At the line containing "To date, Industrial", begin an exact copy of the lines below and continue through the final one, with no pictures.

Material provided Block Start

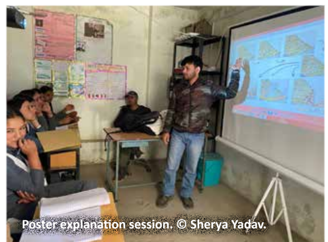
Poster explanation session.

importance of native species conservation. In the end, all the efforts felt valuable.
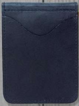
Chill Billfold #92155 (2.75" x 4")
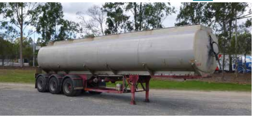
Holmwood Highgate 34000 Litre | Brisbane
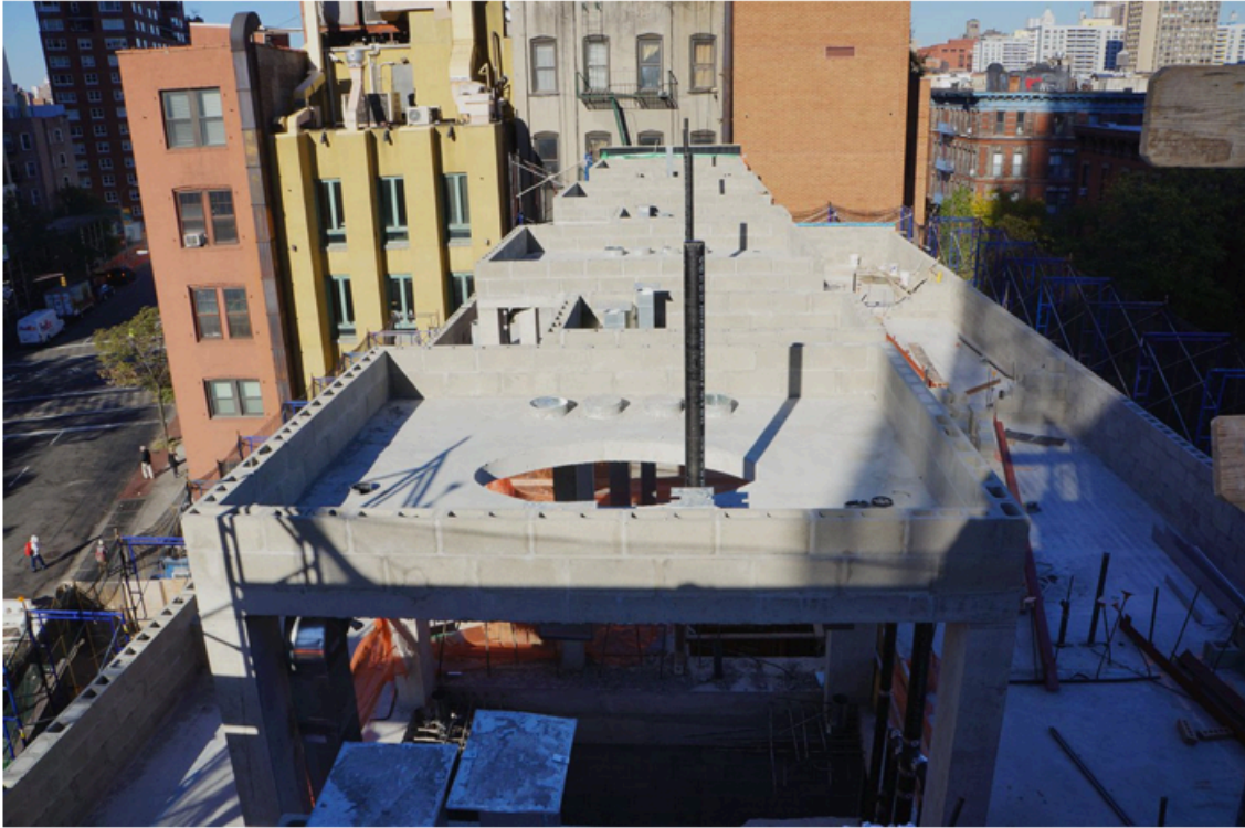
Looking down at the unfinished Sullivan townhouses from the 5th floor terrace

Property Markets Group and Madison Equities are developing the project, which will get its first residents in January.
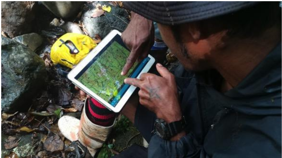
Above: Rangers use Avenza Maps to record location and observations of significant species of flora and fauna.

The Drawa Rangers commenced biodiversity monitoring through two field trips (6 field days), undertaken in June and August 2019, and established a work program for ongoing monitoring. Biodiversity records were collected when Rangers undertook forest inspection surveys, including the transect walks, boundary inspections and 'risk area' inspections. In June 2019 fieldwork, data was collected on paper forms and location recorded using hand held GPS. In August 2019, the rangers used Avenza Maps to record point data location and information on the significant species observed, including taking geo-referenced photographs of species recorded.
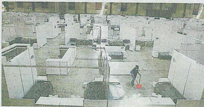
The interior of the makeshift hospital at Malaysia Agro Exposition Park Serdang.

ditioned and each patient will be provided a single bed with two pillows, a drawer and a small study table for them to store belongings.
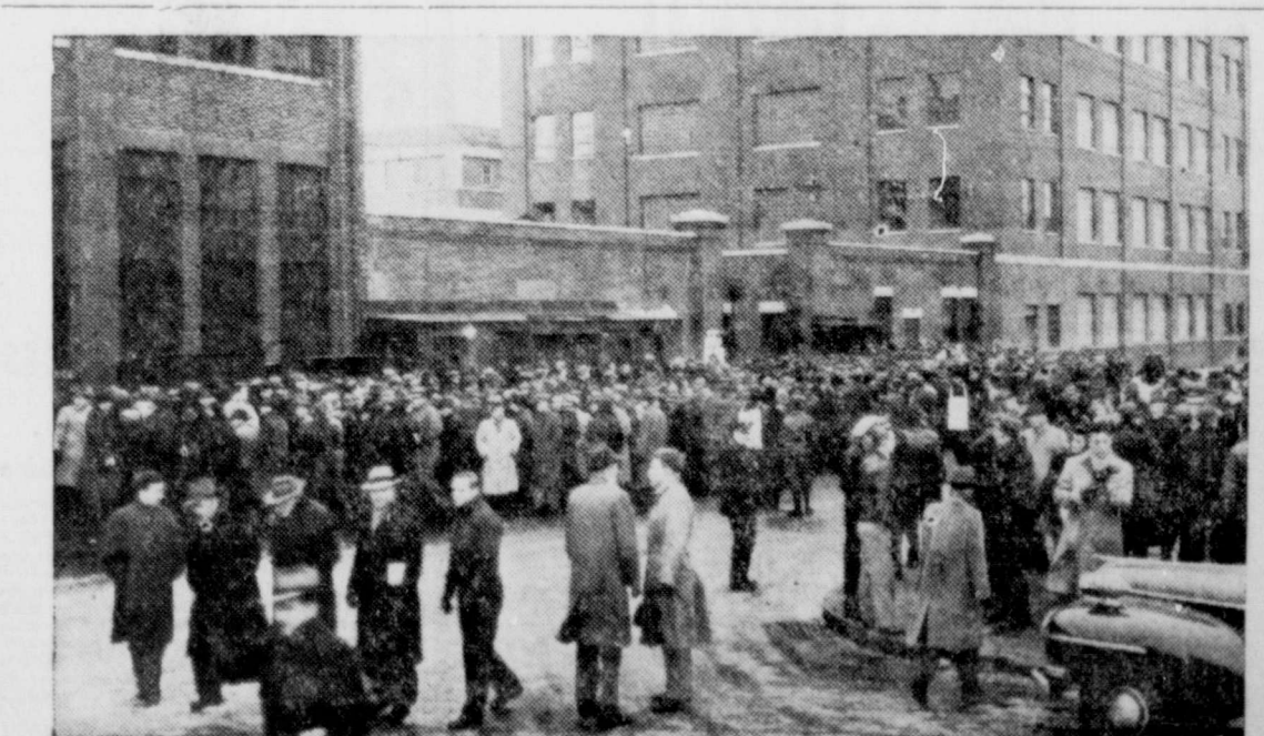
PICKETS HOLD THE LINE AGAINST OFFICE HELP at the Harrison, N.J., Worthington Pump and Machinery Works. Non-union workers, reporting for work were barred from the plant by 500 United Steelworkers, CIO. The barred office workers are shown as they wait in the cold before the plant. Officials of the plant told them to go home.

HOUSTON, Jan. 30. - About fineries of the Humble Oil and Re-
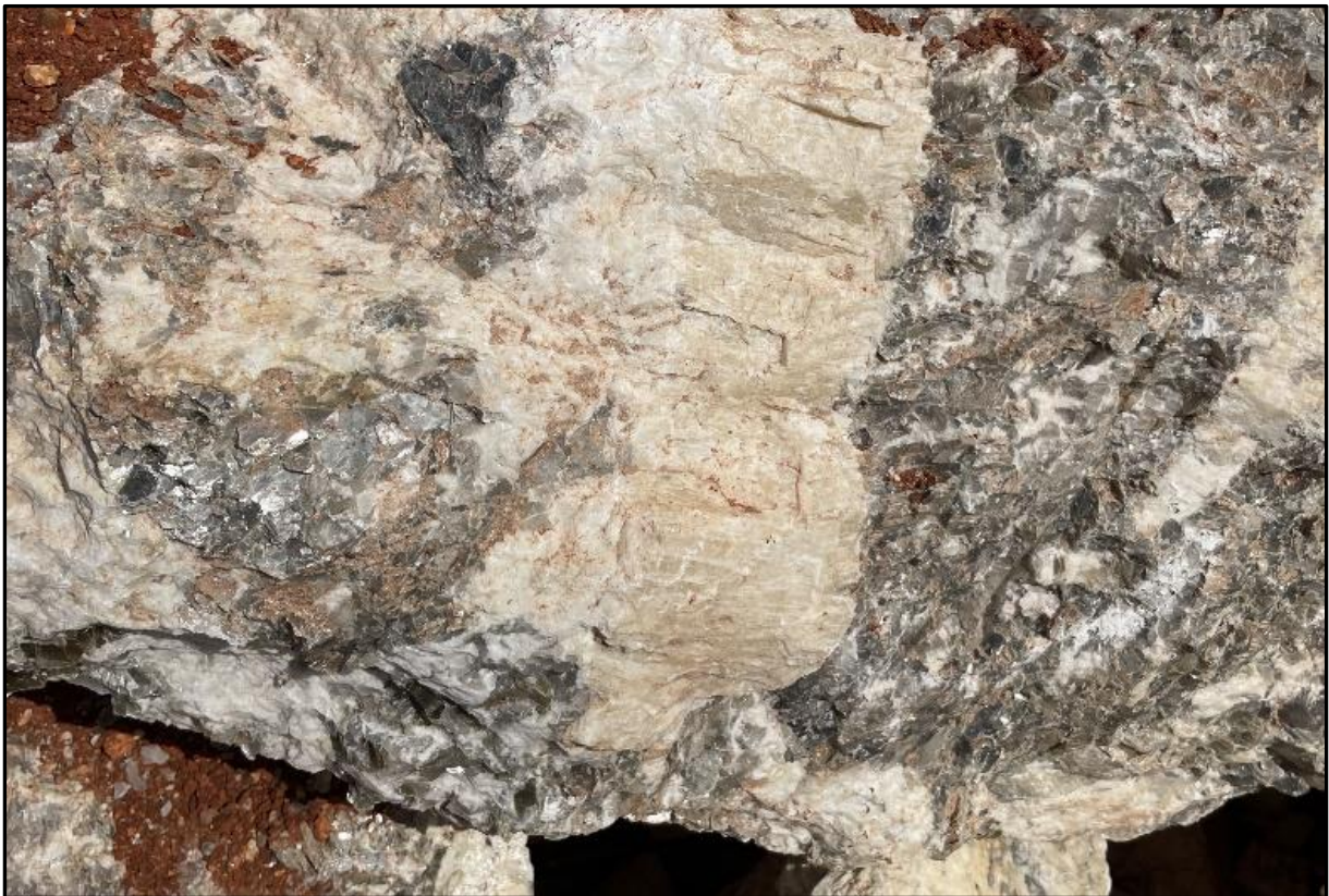
Plate 1: Hand specimen showing flake mica (grey), with potassium feldspar (cream), albite (white) and quartz (grey)

To date, Industrial Minerals' laboratory assays have focused primarily on lithium and silica potential; nevertheless, geological logging has consistently been used to define the extent of quarrying limits and to guide future exploration.
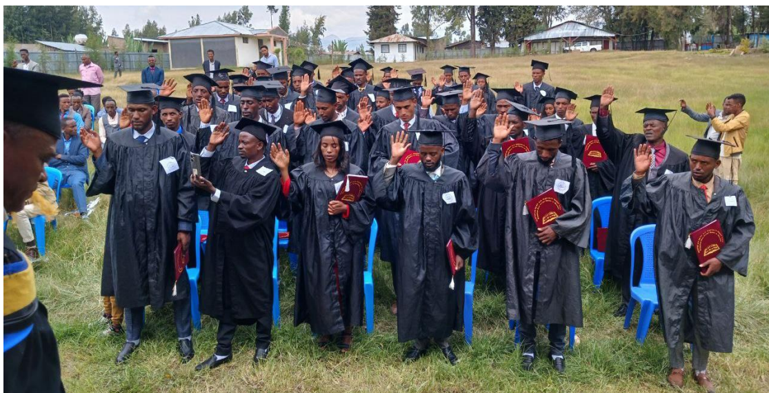
Goba Hub School 8 th Batch Graduates

Material provided Block End

Result below
To date, Industrial Minerals' laboratory assays have focused primarily on lithium and silica potential; nevertheless, geological logging has consistently been used to define the extent of quarrying limits and to guide future exploration.
Goba Hub School 8 th Batch Graduates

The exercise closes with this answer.